Monday, November 10, 2008

Falling Through the Cracks

The RSPCA and the RCVS (Royal College of Veterinary Surgeons) have an agreement which governs the way we decide the financial criteria for allowing owners to attend RSPCA clinics and hospital. Basically this is designed to avoid creating a situation where charity clinics could undercut local private vets for routine operations and eventually drive them out of business. 

The agreement is that our clinics and hospitals only treat animals taken into RSPCA care for rehoming or owned by people on  state benefits (including pensions, working tax credit and students in full time education living away from home). Anyone who is not on state benefits is deemed to be capable of arranging treatment by a private vet — because they would normally be able to insure their animals or else pay using a credit card or bank overdraft if they do not have cash available. Diverting people who are on benefits to charity clinics is not likely to undercut private vets because these are people who probably would be unable to pay anyway.

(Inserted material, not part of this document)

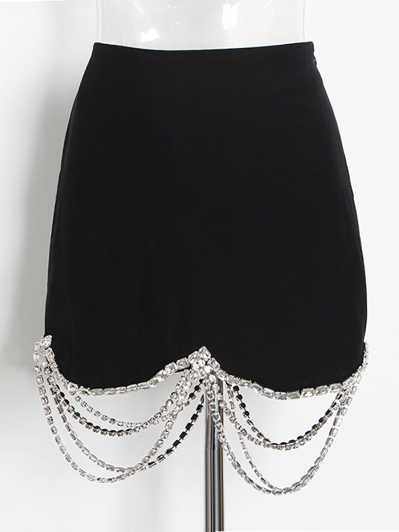 This Fashion Rhinestone Chain Short Skirt is perfect for making a statement. The sparkly rhinestone chain adds a modern touch to the classic short skirt style. Perfect for any kind of occasion, this stylish skirt will be sure to make you stand out.
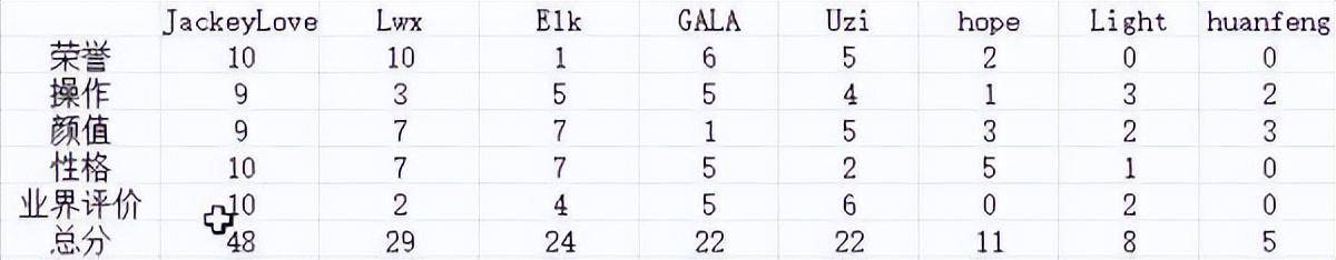 不过相比JKL高达48的总分,Lwx在发帖网友的打分评价中各项维度都要落后于阿水,虽然排名第二但是总分只有29分,和第一的阿水可以说有着不小的差距。而Elk、Gala分别位居第三和第四名,两人的总分则分别是24和22分,可以看出从第二到第四之间分差很接近,在发帖的这位网友的评价体系当中,Lwx和Elk、Gala是同一梯队的AD选手。

Virtually all other welfare charities who run animal clinics operate similar criteria, although some have more restricted lists of benefits that they will accept as proof of low income. 

Most of the time this is clearly in the best interest of everyone, including the animals, because there is no way we could afford to run a complete "NHS for animals" providing veterinary care for all domestic pets — even if the RSPCA's entire resources were diverted to running clinics. If the private vets closed because we were taking away their clients through unfair competition everyone would be worse off. 

It can be very hard, though, if an owner's application for benefit is delayed through no fault of their own. This seems to be happening more frequently — usually because the owner has lost their job, or because a partner who was earning moves out. We can legitimately give a small amount of help via private vets as that doesn't contravene the agreement against unfair competition, but there are limits on what's possible.